Я попыталась представить себе мир, лежащий за оградой дома — равнина, лес, и дальше, до самого края света, бесконечные топи. Ни огонька, ни жилья. Людям тут оставалось не слишком много места.
Хотя… были и у нас такие же глухие земли. И живущие там люди годами понятия не имели о том, что происходит в большом мире. Но тем не менее, в мире всегда что-нибудь происходило. Просто здесь, почему-то, людей было мало… слишком мало.
4.
Выехали мы затемно.
— До города далеко — сказал Хаарт, а нам бы хорошо быть там еще до полудня.
К моей радости выяснилось, что он запряг лошадь, так что ехать нам предстояло на телеге. Не то, чтобы я совсем уж не любила ездить верхом, но за последнее время мне занятие это порядком поднадоело — как все, что превращается из удовольствия в необходимость.
Рассвет тут наступал медленно — горизонт затянуло туманом, да так, что было трудно сообразить, где мы находимся. Ни неба, ни земли — какое-то однородное серое месиво. Потом вокруг начало светлеть, земля неохотно отделилась от неба и я увидела все ту же бесконечную равнину.
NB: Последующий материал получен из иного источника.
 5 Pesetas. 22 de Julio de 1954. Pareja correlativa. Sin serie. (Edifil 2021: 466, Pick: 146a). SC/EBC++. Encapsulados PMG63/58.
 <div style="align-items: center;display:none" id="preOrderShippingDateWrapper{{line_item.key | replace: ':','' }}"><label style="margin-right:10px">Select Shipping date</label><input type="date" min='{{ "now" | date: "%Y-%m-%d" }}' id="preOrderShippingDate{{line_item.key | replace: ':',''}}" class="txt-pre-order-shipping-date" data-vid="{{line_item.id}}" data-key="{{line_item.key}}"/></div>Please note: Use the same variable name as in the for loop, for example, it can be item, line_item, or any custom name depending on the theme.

Мир сплошной зелени — никакого другого выбора красок не существовало и глазу больше не за что было зацепиться. Покрытосеменные лишь начинали победное шествие по земле и были это, в основном, травы. Равнина, переливающаяся зелеными волнами, распахнулась от горизонта до горизонта и по левую руку, на самом краю света, виднелся лес, слишком синий, чтобы быть лиственным. Солнце так и не появилось, лишь в том участке неба, где оно, предположительно, находилось, расплывалось смутное пятно. Пахло нагретой травой, сыростью; чего-то явно не хватало — я все пыталась сообразить, что не так и, наконец, поняла — привычных и неотвязных комариных облачков над головой. Похоже, насекомых тут вообще не было. Может, живет кто-то в лиственной подстилке? Ах да, листвы-то тут тоже нет.
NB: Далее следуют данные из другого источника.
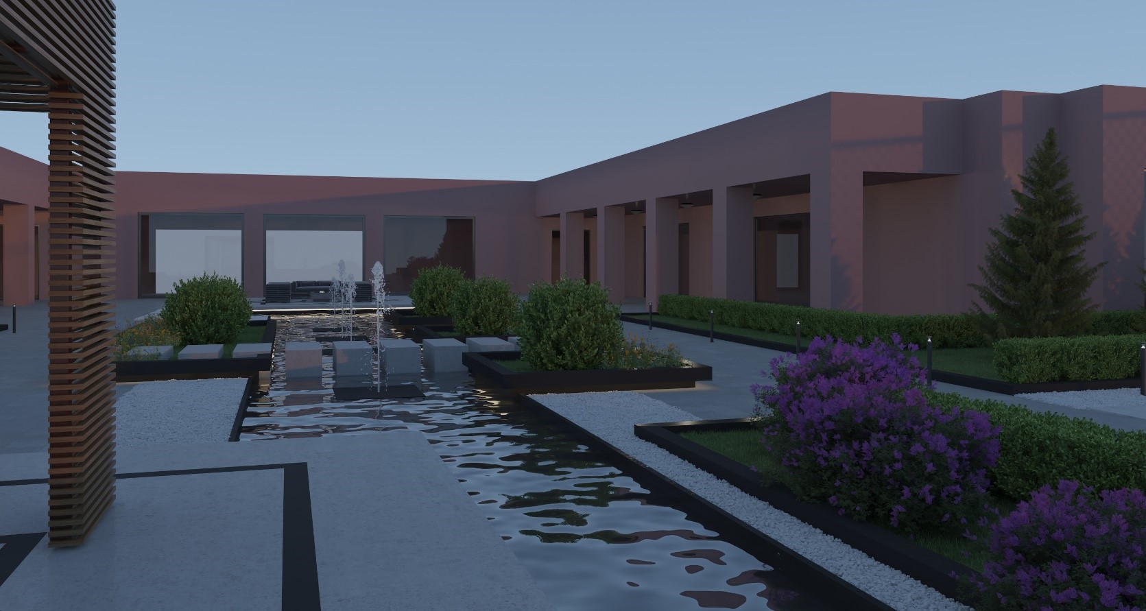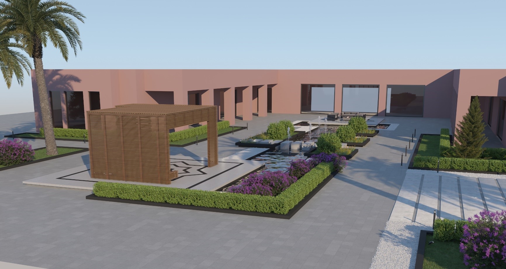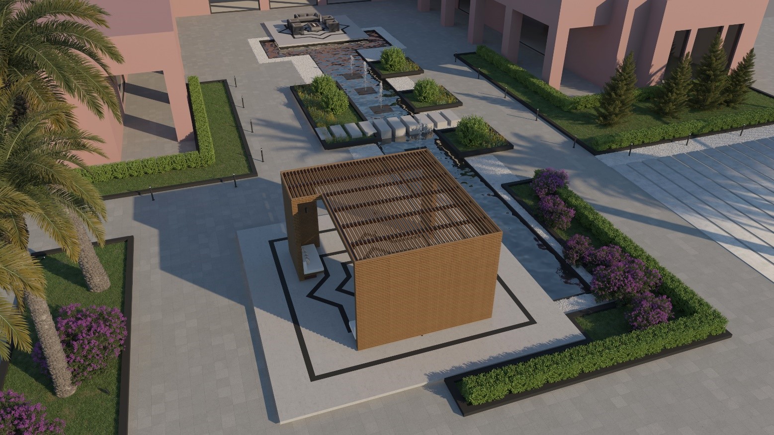 إضافة عناصر مائية و جلسات مكشوفة و مظللة.

Ну, во мху, в почве, в хвощах и плаунах, жить кто-то все равно должен. Многоножки какие-нибудь.
То, что Хаарт назвал дорогой, на самом деле было чем-то вроде двойной колеи, еле заметной в этой бурной поросли. И было очень тихо. Вообще-то, начинаешь замечать, что очень тихо, только когда есть с чем сравнить тишину — какой-то звук все равно должен раздаваться. Телега чуть поскрипывала, а лошадь шла уж совсем бесшумно. Так что, когда я подумала о тишине, я сразу уловила этот звук.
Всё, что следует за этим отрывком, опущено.